Jun 02 2016

When Open World Games are Too Open

I’ve been playing Farcry 4 off and on for the past few months. Yeah, it’s a 2014 title, but it’s still a good one – in fact, it was the first game I bought for my Xbox One when I purchased it last year, but only in November of 2015 did I get around to actually playing it.

In any case, it’s one of those games where, while it has it’s story and plot flow, you can really pretty much do whatever you want. Open World, as it is known, rather than the more traditional level based structure most games have.
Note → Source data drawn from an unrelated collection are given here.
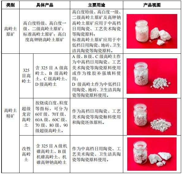 龍高股份高嶺土產(chǎn)品應用領域以陶瓷為主。高嶺土是生產(chǎn)瓷器的重要原料,龍高股份產(chǎn)品主要分為高嶺土原礦、325目高嶺土精礦、超級龍巖高嶺土、改性高嶺土、綜合利用產(chǎn)品五大類三十六種,其中,高嶺土精礦是高嶺土原礦加工而成,根據(jù)粒度不同分為325目高嶺土精礦、325目機碓高嶺土和超級龍巖高嶺土等,是中、高檔日用陶瓷、工藝美術瓷和高檔建筑陶瓷的優(yōu)質原材料。
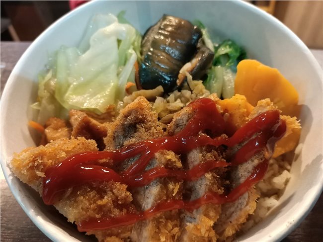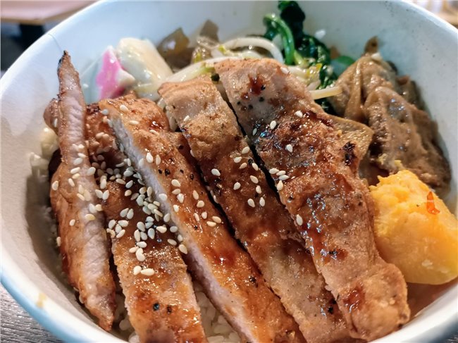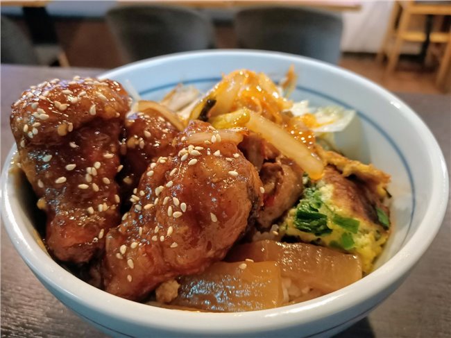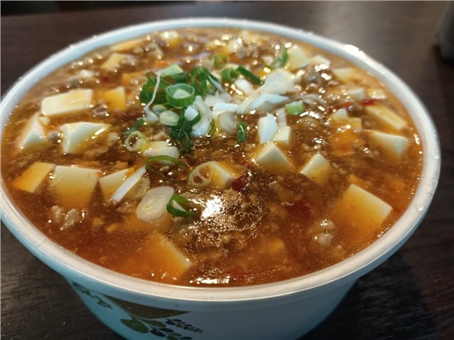 丼飯鋪上厚煎蛋淋上香辣軟嫩的麻婆豆腐
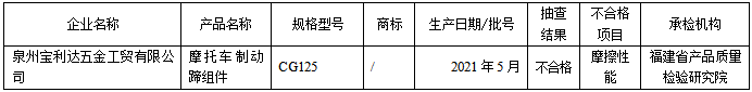 表4 福建省摩托车和轻便摩托车制动蹄/制动衬组件产品质量省级监督抽查结果(不合格)
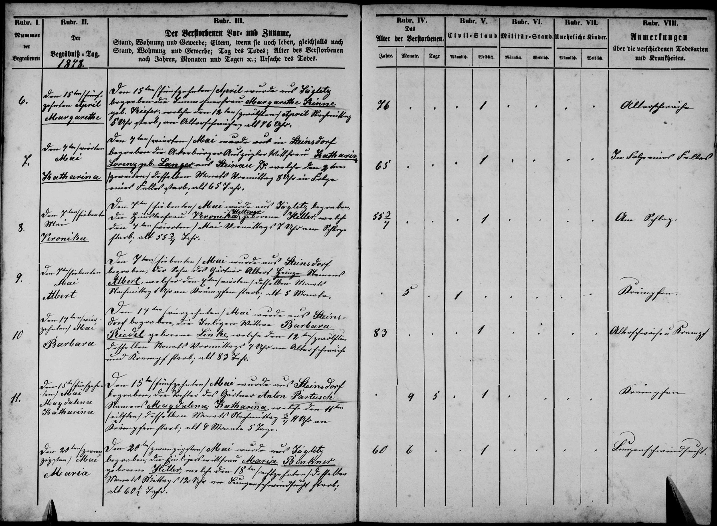 Death: May 14, 1878, Steinsdorf, Silesia, Prussia
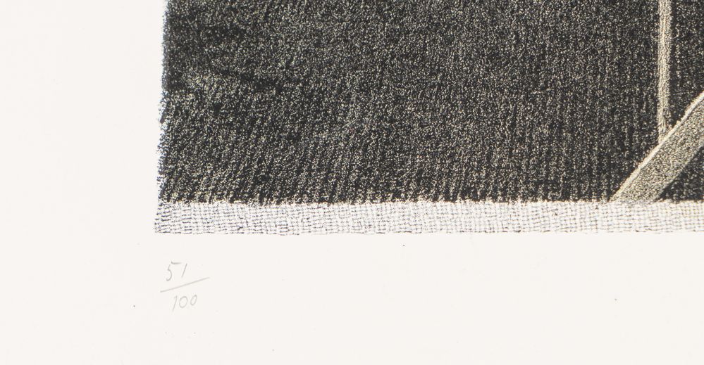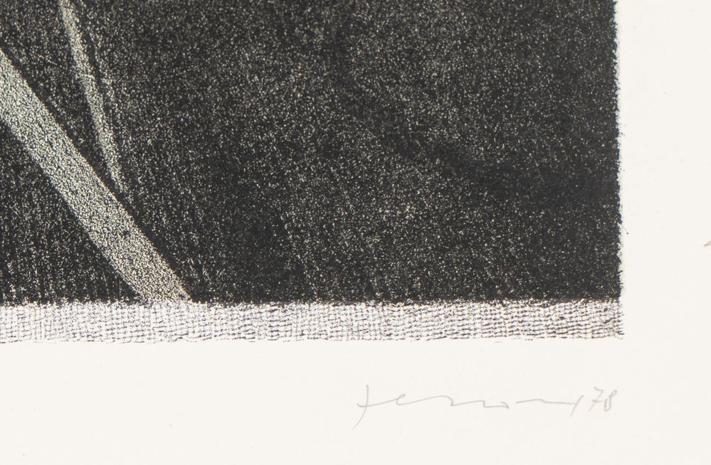GIANFRANCO FERRONI (Livorno 1927 - Bergamo 2001) "Senza titolo", 1978. Litografia su carta. Lastra: cm 38x28,2. Foglio: 70x50. Opera firmata e datata in basso a destra Ferroni '78. Reca numeri di tiratura in basso a sinistra 51/100. Opera accompagnata da certificato di garanzia, con firma, di ADAC Grafica, edizioni d'arte moderna, Modena.
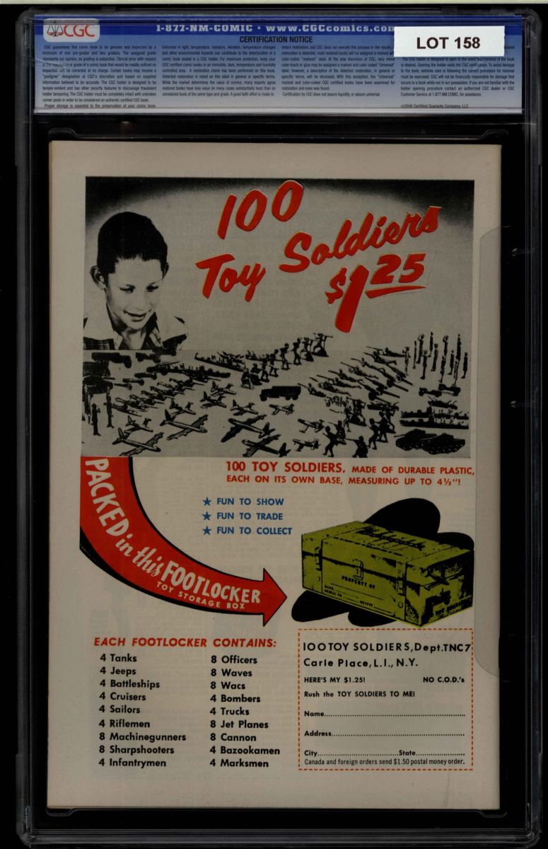 The Auctioneer has reserved the right to reject any and all bids, and to bid at the auction. Auctioneers Auctions are not on approval. Auctioneer does not allow certified material to be returned because of possible differences of opinion with respect to the grade offered by any third party organization, dealer, or service. Absolutely no guarantee of grade is offered for un-certified property sold and subsequently submitted to a third-party grading service. There will be no exceptions to this policy. Under extremely limited circumstances, (e.g. gross cataloging error) a purchaser, who did not bid from the floor, may request Auctioneer to evaluate voiding a sale; such request must be made in writing detailing the alleged gross error, and submission of the lot to the Auctioneer must be pre-approved by the Auctioneer. Bidder must notify Auctioneer in writing of such request within three (3) days of the non-floor bidder receipt of the lot. Any lot that is to be evaluated must be in our offices within 30 days after Auction. Grading does not qualify for this evaluation process nor do such complaints constitute a basis to challenge the authenticity of a lot. AFTER THAT 30-DAY PERIOD, NO LOTS MAY BE RETURNED FOR REASONS OTHER THAN AUTHENTICITY. Lots returned must be housed intact in the original holder. No lots purchased by floor Bidders may be returned (including those Bidders acting as agents for others). Late remittance for purchases may be considered just cause to revoke all return privileges. B: Auctions conducted solely on the Internet have a THREE (3) DAY RETURN POLICY: Lots paid for within seven days of the Auction closing are sold with a three (3) day return privilege. You may return lots under the following conditions: Within three days of receipt of the lot, you must first notify Auctioneer by contacting Client Service by phone (314-680-8599) or e-mail (moundcityauctions@gmail.com), and immediately mail the lot(s) fully insured to the attention of Returns, Mound City Auctions 1081 Teson Rd. Hazelwood, MO. 63042. Lots must be housed intact in their original holder and in their original condition. You are responsible for the insured, safe delivery of any lots. Auctioneer will not be responsible for lots returned in non-registered mail or lots returned without prior authorization per section B. A non-negotiable return fee of 5% of the purchase price ($10 per lot minimum) will be deducted from the refund for each returned lot or billed directly. Postage and handling fees are not refunded. After the three-day period (from receipt), no items may be returned for any reason. Late remittance for purchases revokes all Return-Restock privileges. C: Bidders who have inspected the lots prior to the auction will not be granted any return privileges. D: Comic books sold referencing a third-party grading service are sold “as is” without any express or implied warranty. Certain warranties may be available from the grading services and the Bidder is referred to them for further details: Certified Guaranty Company, LLC. (CGC), P.O. Box 4738, Sarasota, FL 34230. E: Bidders who intend to challenge authenticity or provenance of a lot must notify Auctioneer in writing within thirty (30) days of the Auctions conclusion. In the event Auctioneer cannot deliver the lot or subsequently it is established that the lot lacks title, provenance, authenticity, or other transfer or condition issue is claimed, Auctioneer's liability shall be limited to rescission of sale and refund of purchase price; in no case shall Auctioneer's maximum liability exceed the high bid on that lot, which bid shall be deemed for all purposes the value of the lot. After one year has elapsed, Auctioneer's maximum liability shall be limited to any commissions and fees Auctioneer earned on that lot. F: All comics are guaranteed genuine, but are not guaranteed as to grade, since grading is a matter of opinion, an art and not a science, and therefore the opinion rendered by the Auctioneer or any third party grading service may not agree with the opinion of others (including trained experts), and the same expert may not grade the same item with the same grade at two different times. G: Since we cannot examine encapsulated comics, they are sold “as is”without our grading opinion, and may not be returned for any reason. Auctioneer shall not be liable for any patent or latent defect or controversy pertaining to or arising from any encapsulated collectible. In any such instance, purchaser's remedy, if any, shall be solely against the service certifying the collectible. H: Due to changing grading standards over time, differing interpretations, and to possible mishandling of items by subsequent owners, Auctioneer reserves the right to grade items differently than shown on certificates from any grading service that accompany the items. Auctioneer also reserves the right to grade items differently than the grades shown in the prior catalog should such items be reconsigned to any future auction. I: Although consensus grading is employed by most grading services, it should be noted as aforesaid that grading is not an exact science. In fact, it is entirely possible that if a lot is broken out of a plastic holder and resubmitted to another grading service or even to the same service, the lot could come back with a different grade assigned. J: Certification does not guarantee protection against the normal risks associated with potentially volatile markets. The degree of liquidity for certified collectibles will vary according to general market conditions and the particular lot involved. For some lots there may be no active market at all at certain points in time."

These tend to be the most enjoyable game experiences for many people, as they provide an ability to “live in” the world presented, doing what you want, when you want, how you want, where you want, within the games universe and rules.

In Grand Theft Auto V players can explore the entire city of Los Santos (based on Los Angeles) as well as the nearby desert.
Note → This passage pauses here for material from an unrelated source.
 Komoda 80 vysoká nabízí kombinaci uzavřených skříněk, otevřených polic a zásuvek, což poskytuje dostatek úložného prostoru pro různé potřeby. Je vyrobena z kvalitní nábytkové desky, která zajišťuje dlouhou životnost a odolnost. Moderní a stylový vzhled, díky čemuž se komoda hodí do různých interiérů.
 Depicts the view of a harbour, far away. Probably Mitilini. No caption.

In Grand Theft Auto V players can explore the entire city of Los Santos (based on Los Angeles) as well as the nearby desert.
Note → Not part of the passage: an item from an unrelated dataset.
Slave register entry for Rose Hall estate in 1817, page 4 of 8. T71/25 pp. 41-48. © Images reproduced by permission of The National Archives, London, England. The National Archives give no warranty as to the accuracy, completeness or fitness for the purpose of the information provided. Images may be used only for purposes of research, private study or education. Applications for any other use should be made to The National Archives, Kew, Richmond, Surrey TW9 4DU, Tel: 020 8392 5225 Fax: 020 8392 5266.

Generally, the games are structured in such a way that the player is presented with a growing list of side tasks to complete, while always having the main task clearly defined, and available when they wish to proceed with the main game. Side tasks can sometimes be rendered unavailable by progress, so often times players will forgo progressing along the main game to complete these tasks, which can easily add hours of gameplay just on their own.

Grand Theft Auto is generally considered the definitive open world game series, and it provides a nice enough balance of story missions and side missions, but many players feel it somewhat lacking on random things to do in the world. Still, the games are quite beloved by their fans, and constantly receive high regards for their gameplay. The games in the series offer plenty of things to do, but never bombard you more choices than you feel you can take on.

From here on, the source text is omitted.